There are cases, as the court’s opinion points out, in which a shareholder may bring both a derivative and a direct action. See, e.g., Hikita, 713 P.2d at 1199. However, in such cases the shareholder must have an independent basis for the direct action, usually the corporation’s violation of a duty “arising from contract or otherwise, and owed to the shareholder directly.” 12B Fletcher, supra p. 32, § 5921. Such an independent basis is not present in this case.[3]
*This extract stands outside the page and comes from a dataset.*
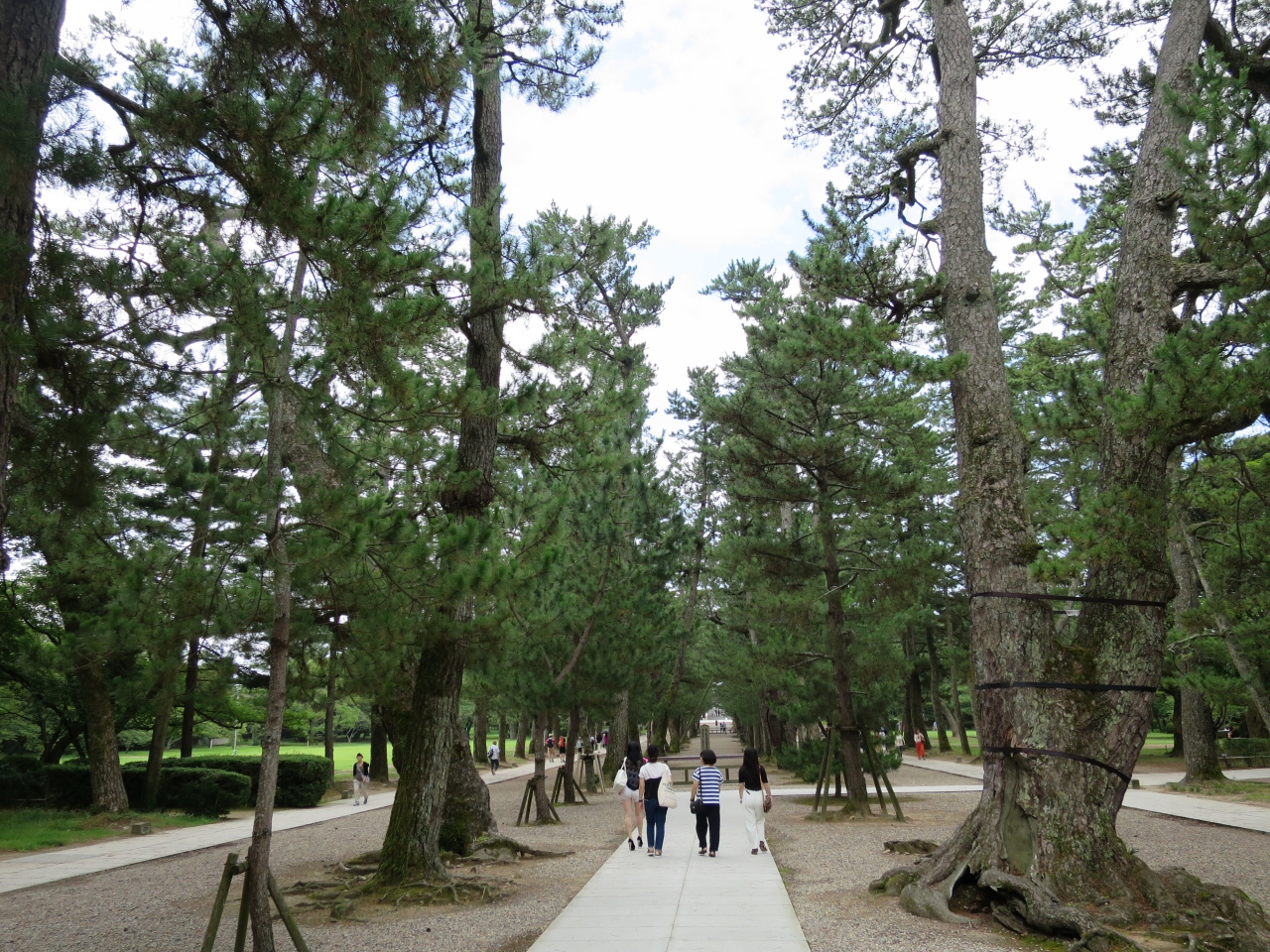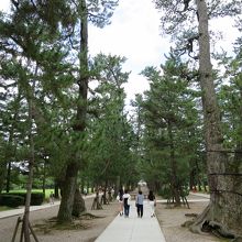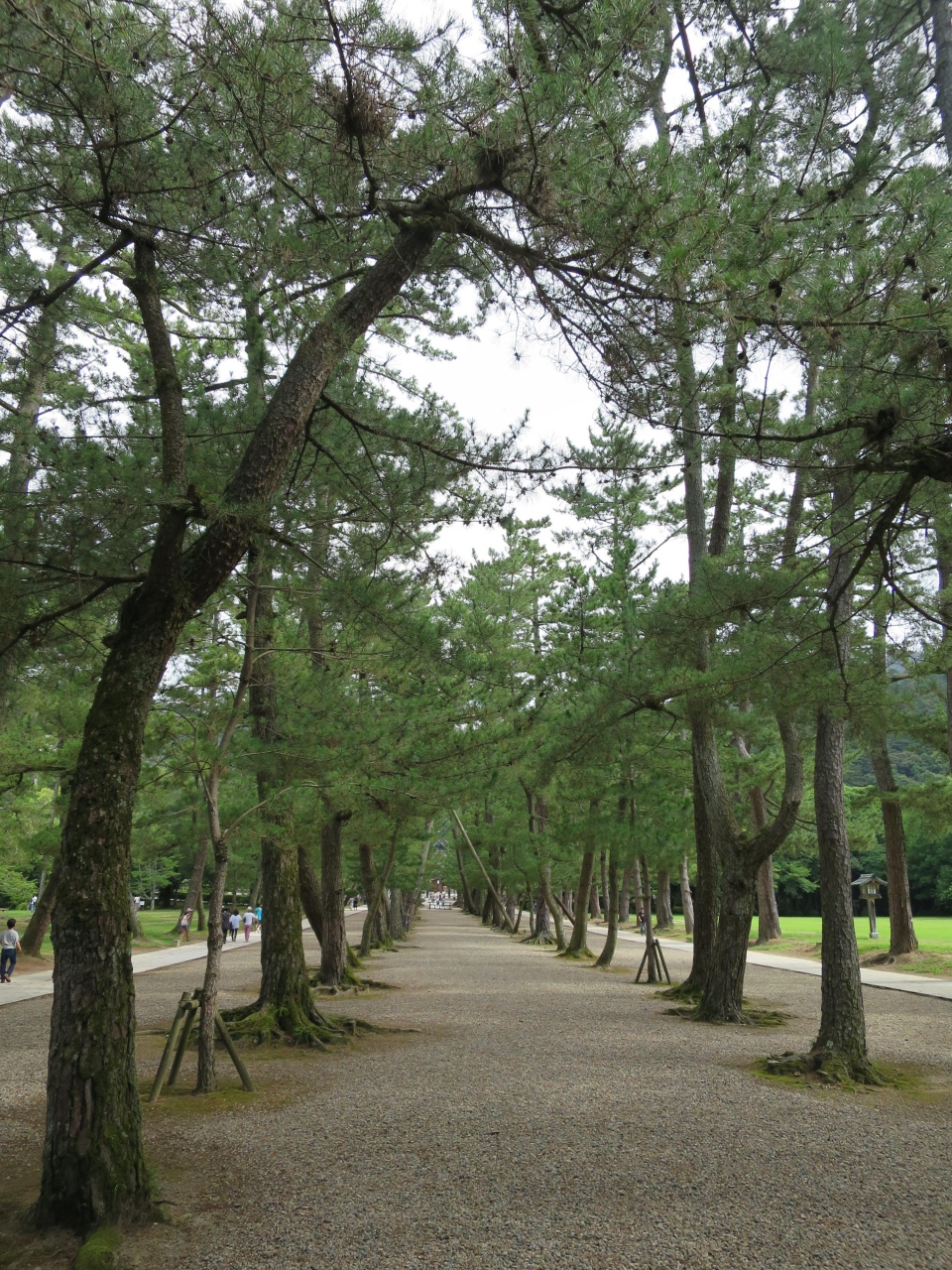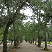 出雲大社の正面から下り参道を下り、参の鳥居を潜った先の参道は2列の松で3つの参道に区切られています。ここが松の参道(松の馬場)です。松の木hは樹齢400年を越えると言います。真ん中の参道は神様が通る道とされ通行禁止となっています。両側の参道はどちらを通行しても良いのですが、人の習性なのか、何故か自然と左側通行になっており、右側を通るとぶつかりそうになります。人の流れに従うのが無難です。

In the third step of its analysis, the court contends that the plaintiffs may bring a direct action in this case because they suffered an injury “separate and distinct from other shareholders.” Op. at 1327. As the majority goes on to point out, however, courts have not adopted this “special injury” exception in cases like this one where all the shareholders, even the ones who received the illegal payments, were harmed by the misspending of corporate assets and the corresponding diminution in the value of shares. Op. at 1328. This reasoning also applies here. All the shareholders of Kake were injured by the financial security plan, many of them to an extent almost as great as the plaintiffs.[4] The fact that ten of the 575 shareholders received, through no fault of their own, a payment of $9,800 should not be allowed to alter the analysis of this case. As the plaintiffs correctly state, most shareholders “received an inexpensive distribution, a cheap insurance policy costing only a fraction of what the Cadillac policies cost.”

The court recognizes this crucial point when it states in the section of the opinion discussing its remedy: “[I]t is conceivable that requiring Kake to pay damages immediately and in a lump sum would disrupt Kake’s operations or prevent Kake from pursuing a profitable business opportunity. The result would be that all Kake shareholders would be injured.” Op. at 1328 (emphasis supplied). In other words, the court acknowledges that even though plaintiffs will benefit by receiving a damage award, they will also be harmed by the impact of that award on the value of their shares. This statement applies equally to the payments made under the plan and stands in contradiction to the majority’s statement that the “shareholders who received payments under the plan suffered no meaningful injury whatsoever.” Op. at 1327.

As its “second point supporting the contention that a direct action is appropriate,” the court asserts that “there are many reported cases concerning discriminatory distributions which proceeded as direct actions.” Op. at 1328. The six cases cited to support this statement, however, are distinguishable. In the first two, Amalgamated Sugar Co. v. NL Industries, 644 F. Supp. 1229, 1234 (S.D.N.Y. 1986) and Asarco, Inc. v. Holmes A. Court, 611 F. Supp. 468, 479-80 (D.N.J. 1985), the plaintiffs sought injunctions against ultra vires corporate acts. Such a direct action to enjoin the plan, rather than to recover monetary damages, would have been appropriate in this case.[5] See 12B Fletcher, supra p. 32, § 5915.10.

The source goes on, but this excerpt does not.